Stage 0: Discernment.

1 Jan

This is the second part in a multi-part blog series about leaving the congregation I served.

goodbyeAs many colleagues have told me, most ministers leave either a year too early or a year too late. I have no idea where I fall, but I aimed for a year too early.

Just over a year ago, my family hit a crisis that took much of my emotional energy. The congregation I served held me in care and love and gave me the time and space I needed to attend to the crisis.

When something like this had happened before, I had returned to the congregation with renewed commitment and appreciation, ready to serve. But this time it felt different. I realized I wasn’t happy, but I attributed my discontent to being drained from the family crisis – I thought I just needed time to heal. I wanted to want to stay.

After the winter holidays last year, I thought I had internally recommitted to the congregation. I led a worship service where the congregation and I recited the promises we had made to each other during my installation. I shared that I looked forward to 7 more years together and wondered aloud what they might bring.

At the same time, I was finding the day-to-day of ministry no longer as satisfying as it had been. Even though leading worship is one of my favorite privileges of this vocation, it became more and more difficult to write sermons each week. I enrolled in graduate school, hoping it would engage me in new ways. I traveled more than previously because I had said “yes” to many commitments outside the congregation. In hindsight, I realize I was looking for reasons to get away from the congregation – reasons not to preach, not to engage.

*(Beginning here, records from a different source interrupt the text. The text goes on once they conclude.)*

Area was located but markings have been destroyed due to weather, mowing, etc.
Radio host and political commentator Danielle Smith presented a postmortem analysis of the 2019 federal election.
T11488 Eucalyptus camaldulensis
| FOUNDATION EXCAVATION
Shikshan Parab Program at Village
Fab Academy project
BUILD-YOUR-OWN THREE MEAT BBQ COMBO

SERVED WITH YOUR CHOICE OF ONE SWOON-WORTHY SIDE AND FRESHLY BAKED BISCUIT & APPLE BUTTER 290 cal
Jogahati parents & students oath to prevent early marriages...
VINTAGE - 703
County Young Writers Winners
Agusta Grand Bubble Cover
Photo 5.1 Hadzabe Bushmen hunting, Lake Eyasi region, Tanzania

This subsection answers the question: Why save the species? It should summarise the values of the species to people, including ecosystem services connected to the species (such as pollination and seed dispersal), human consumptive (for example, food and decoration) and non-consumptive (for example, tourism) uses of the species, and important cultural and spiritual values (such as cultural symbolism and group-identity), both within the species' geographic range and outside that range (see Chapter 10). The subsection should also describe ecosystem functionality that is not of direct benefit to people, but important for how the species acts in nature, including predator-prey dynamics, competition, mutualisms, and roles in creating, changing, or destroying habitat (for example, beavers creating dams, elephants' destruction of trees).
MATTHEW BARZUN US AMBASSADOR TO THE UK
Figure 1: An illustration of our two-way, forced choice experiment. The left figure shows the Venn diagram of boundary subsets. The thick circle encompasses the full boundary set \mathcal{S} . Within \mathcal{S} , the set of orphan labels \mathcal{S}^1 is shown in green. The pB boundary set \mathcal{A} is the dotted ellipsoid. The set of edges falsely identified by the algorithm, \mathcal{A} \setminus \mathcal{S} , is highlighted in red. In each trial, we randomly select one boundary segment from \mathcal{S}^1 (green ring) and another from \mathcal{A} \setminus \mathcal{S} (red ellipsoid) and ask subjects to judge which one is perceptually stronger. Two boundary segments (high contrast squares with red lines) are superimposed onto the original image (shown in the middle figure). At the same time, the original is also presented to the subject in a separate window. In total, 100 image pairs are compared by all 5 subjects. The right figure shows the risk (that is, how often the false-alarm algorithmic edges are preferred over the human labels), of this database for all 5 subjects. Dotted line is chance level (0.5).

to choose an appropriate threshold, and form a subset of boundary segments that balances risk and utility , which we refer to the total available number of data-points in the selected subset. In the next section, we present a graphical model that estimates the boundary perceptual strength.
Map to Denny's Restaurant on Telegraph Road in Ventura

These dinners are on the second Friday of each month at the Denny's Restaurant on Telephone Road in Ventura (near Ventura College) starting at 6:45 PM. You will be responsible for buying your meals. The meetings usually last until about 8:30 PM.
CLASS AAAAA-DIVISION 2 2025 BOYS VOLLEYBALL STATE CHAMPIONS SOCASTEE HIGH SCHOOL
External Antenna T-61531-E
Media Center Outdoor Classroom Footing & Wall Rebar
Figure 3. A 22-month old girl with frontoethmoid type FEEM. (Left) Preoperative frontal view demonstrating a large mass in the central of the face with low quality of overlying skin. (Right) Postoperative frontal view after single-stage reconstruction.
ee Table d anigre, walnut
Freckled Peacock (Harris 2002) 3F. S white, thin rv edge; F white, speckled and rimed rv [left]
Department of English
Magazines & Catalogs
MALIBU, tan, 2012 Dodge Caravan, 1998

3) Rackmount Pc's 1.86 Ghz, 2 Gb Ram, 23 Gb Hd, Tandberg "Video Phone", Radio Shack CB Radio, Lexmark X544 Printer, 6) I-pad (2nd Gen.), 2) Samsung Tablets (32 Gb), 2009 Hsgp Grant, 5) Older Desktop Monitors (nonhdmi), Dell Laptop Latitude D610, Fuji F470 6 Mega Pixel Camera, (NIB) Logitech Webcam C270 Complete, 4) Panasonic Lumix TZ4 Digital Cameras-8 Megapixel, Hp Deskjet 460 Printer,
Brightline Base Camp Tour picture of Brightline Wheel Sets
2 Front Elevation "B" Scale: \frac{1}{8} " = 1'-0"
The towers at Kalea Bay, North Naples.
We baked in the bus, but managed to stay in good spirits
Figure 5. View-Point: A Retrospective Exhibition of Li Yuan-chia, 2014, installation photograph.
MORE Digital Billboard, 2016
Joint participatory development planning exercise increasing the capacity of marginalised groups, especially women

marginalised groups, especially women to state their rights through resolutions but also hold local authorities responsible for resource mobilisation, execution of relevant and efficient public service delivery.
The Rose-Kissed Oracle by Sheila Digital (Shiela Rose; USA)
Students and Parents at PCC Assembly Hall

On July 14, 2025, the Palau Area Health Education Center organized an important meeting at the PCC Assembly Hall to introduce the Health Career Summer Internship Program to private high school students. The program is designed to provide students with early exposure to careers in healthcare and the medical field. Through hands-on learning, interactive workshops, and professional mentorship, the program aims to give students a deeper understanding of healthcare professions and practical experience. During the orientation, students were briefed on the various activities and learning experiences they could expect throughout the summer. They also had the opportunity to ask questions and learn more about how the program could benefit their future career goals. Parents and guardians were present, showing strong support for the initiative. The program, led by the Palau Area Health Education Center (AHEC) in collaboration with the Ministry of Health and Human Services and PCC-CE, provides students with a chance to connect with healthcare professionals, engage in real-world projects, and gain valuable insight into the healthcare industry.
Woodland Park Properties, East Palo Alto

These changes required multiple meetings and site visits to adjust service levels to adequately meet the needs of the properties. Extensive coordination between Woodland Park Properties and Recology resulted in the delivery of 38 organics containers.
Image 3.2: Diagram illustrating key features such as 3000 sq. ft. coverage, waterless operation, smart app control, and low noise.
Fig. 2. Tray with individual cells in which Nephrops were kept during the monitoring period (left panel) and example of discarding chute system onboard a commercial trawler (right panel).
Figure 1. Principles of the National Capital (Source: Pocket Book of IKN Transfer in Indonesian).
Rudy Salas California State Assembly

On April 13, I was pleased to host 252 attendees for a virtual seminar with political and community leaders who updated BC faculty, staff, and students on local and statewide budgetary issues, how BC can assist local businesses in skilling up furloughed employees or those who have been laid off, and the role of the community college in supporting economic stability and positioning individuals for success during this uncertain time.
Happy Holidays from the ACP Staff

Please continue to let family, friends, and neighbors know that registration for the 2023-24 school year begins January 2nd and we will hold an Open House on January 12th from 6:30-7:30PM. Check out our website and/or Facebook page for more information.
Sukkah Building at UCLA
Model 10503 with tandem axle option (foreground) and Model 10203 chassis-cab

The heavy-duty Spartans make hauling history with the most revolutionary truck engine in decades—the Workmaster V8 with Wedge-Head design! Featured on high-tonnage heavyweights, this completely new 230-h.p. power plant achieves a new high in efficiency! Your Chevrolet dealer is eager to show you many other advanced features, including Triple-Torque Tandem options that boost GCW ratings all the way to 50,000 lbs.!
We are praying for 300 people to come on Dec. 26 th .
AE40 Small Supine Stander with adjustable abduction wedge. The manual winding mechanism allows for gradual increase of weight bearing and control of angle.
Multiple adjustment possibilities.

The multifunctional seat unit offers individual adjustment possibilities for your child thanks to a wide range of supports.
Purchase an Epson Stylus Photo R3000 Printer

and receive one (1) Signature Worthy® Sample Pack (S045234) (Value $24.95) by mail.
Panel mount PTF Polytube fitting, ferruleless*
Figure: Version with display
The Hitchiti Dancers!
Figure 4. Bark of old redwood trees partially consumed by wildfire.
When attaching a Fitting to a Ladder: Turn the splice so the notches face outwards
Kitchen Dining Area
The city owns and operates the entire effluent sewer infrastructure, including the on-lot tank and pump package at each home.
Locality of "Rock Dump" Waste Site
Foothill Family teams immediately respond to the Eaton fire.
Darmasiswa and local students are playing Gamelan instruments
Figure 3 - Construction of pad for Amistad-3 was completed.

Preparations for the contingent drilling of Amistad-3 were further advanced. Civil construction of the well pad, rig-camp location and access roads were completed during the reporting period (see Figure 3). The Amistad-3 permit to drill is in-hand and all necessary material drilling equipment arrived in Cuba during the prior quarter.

There was no major conflict – no single event that precipitated my decision. To this day, I dearly love the people and institution of the congregation I served. But parish ministry was no longer working for me. I looked at what the congregation and I needed to work on in the coming years and found myself lacking enthusiasm. I began to realize that I was ready for a new challenge and the congregation needed a different type of leader to take it into the coming years. It was time for me to move on.

I decided to look around, not really expecting any positions would be open since the timing was wrong. But then I found something that I realized I was excited about, that would combine the degree program I was enthusiastically beginning, the ministry I was doing, and service to our larger faith tradition. I pursued it, went through the application process.

I was terribly excited when I was offered and accepted the position. But I was on summer vacation! How was that going to work?

While I did not feel I could share my process (at that point) with the lay leaders of the congregation, I did share what I was doing with my ministry team (Director of Religious Exploration and Music Director). We had always worked as a team, and I felt they needed to know. It is telling, perhaps, that those who worked closest to me, who I shared my ministry with and relied upon, were not surprised at this news. They had seen the telltale signs even better than I had. And so together, we began to brainstorm what the congregation would need to know/hear as well as what some of the possibilities were for the congregation since I would be leaving off the regular ministry cycle.

I spent my “vacation” working on a plan for who to tell, how, when, and what. For a few weeks, I felt the sword of Damocles hanging not over my head, but over the heads of the beloveds in the congregation I served. I knew this would take most of them by surprise.

When it was time to pull the trigger on my plan, I thought I was ready. And logistically and rationally, perhaps, I was. But I was not emotionally prepared, even with all the reading I had done.